Omar Oslet Rivera-Garibay, chercheur à l'Institut des sciences marines et de limnologie de l'Université nationale autonome du Mexique, a documenté la vie de ces pêcheurs dans une étude récente . Lui et ses collègues rapportent que si les membres de la coopérative de pêche Pescadores de Puerto Morelos récoltent et vendent des produits de la mer de grande valeur pour satisfaire l'appétit des touristes, ils ne conservent que le poisson pêché près des plages de la ville pour leur propre consommation. Ce poisson a peu de valeur commerciale et est contaminé par de minuscules fragments de plastique.

Dans le cadre de leurs recherches, Rivera-Garibay et son équipe ont capturé 424 poissons de 29 espèces différentes en utilisant les mêmes méthodes que les partenaires de la coopérative. Tous ont été disséqués, et leur tube digestif a été prélevé et examiné. Des contaminants ont été détectés chez 57 % des poissons, et plus d'un millier de particules de microplastique ont été récupérées. L'étude a révélé que « les poissons pêchés à la ligne à main dans les eaux peu profondes près des côtes présentaient une quantité significativement plus importante de microplastiques dans leurs intestins que ceux pêchés en eaux plus profondes ».

Pendant la saison de fermeture, les membres de la coopérative n'utilisent que des méthodes comme cette « ligne chapelet » avec plusieurs leurres.
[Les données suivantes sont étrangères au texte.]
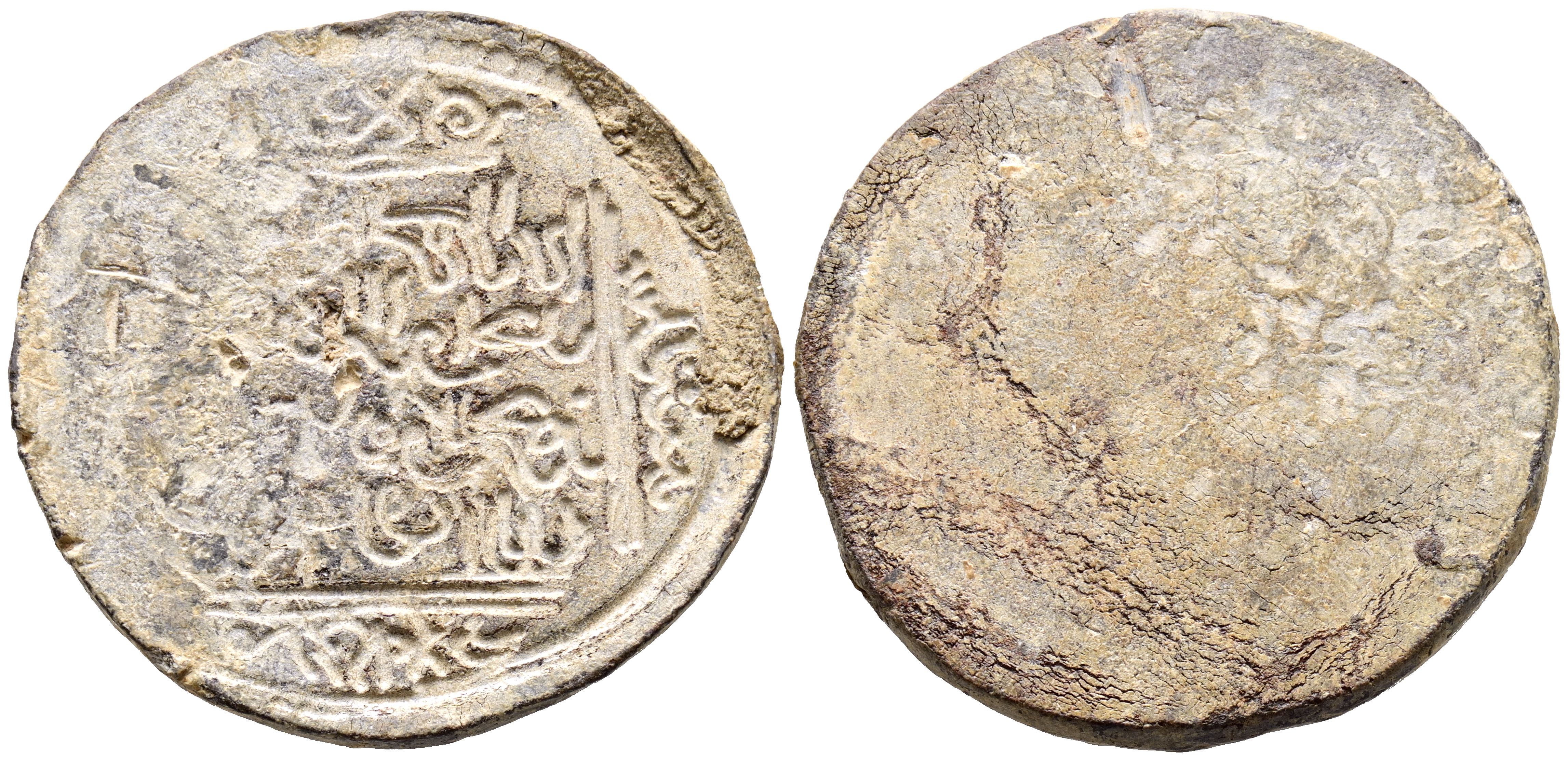 "REINO DE GRANADA". Sello. (Pb. 15,39g/32x31x2,5mm). Posiblemente Siglo X-XV. Placa de plomo monetiforme con escritura nasji en huecograbado. Anv: Simulación en negativo del diseño de una dobla nazarí. Rev: Anepígrafo, con marcas de un antiguo sistema de sujeción. Según nuestras fuentes, es muy probable que la presente pieza sea un cospel de amuleto de plomo auténtico, pero liso, de época. Sobre él han marcado actualmente la impronta de una reproducción. MBC.

Photographie : Ricardo Hernández

La pêche à la ligne est une méthode traditionnelle utilisée depuis longtemps dans les eaux peu profondes près de Puerto Morelos. Elle se compose simplement d'une ligne et d'un hameçon, et permet de capturer des poissons comme le tambour, comestible mais peu rentable. Deux autres méthodes permettent de capturer des espèces plus prisées. La línea de rosario (« ligne de rosaire »), composée de plusieurs lignes munies d'hameçons ramifiés, est utilisée en eaux plus profondes, à environ 20 milles nautiques des côtes. Elle permet de capturer des vivaneaux, des mérous et des poissons-cochons. Le homard est pêché en apnée au fusil harpon.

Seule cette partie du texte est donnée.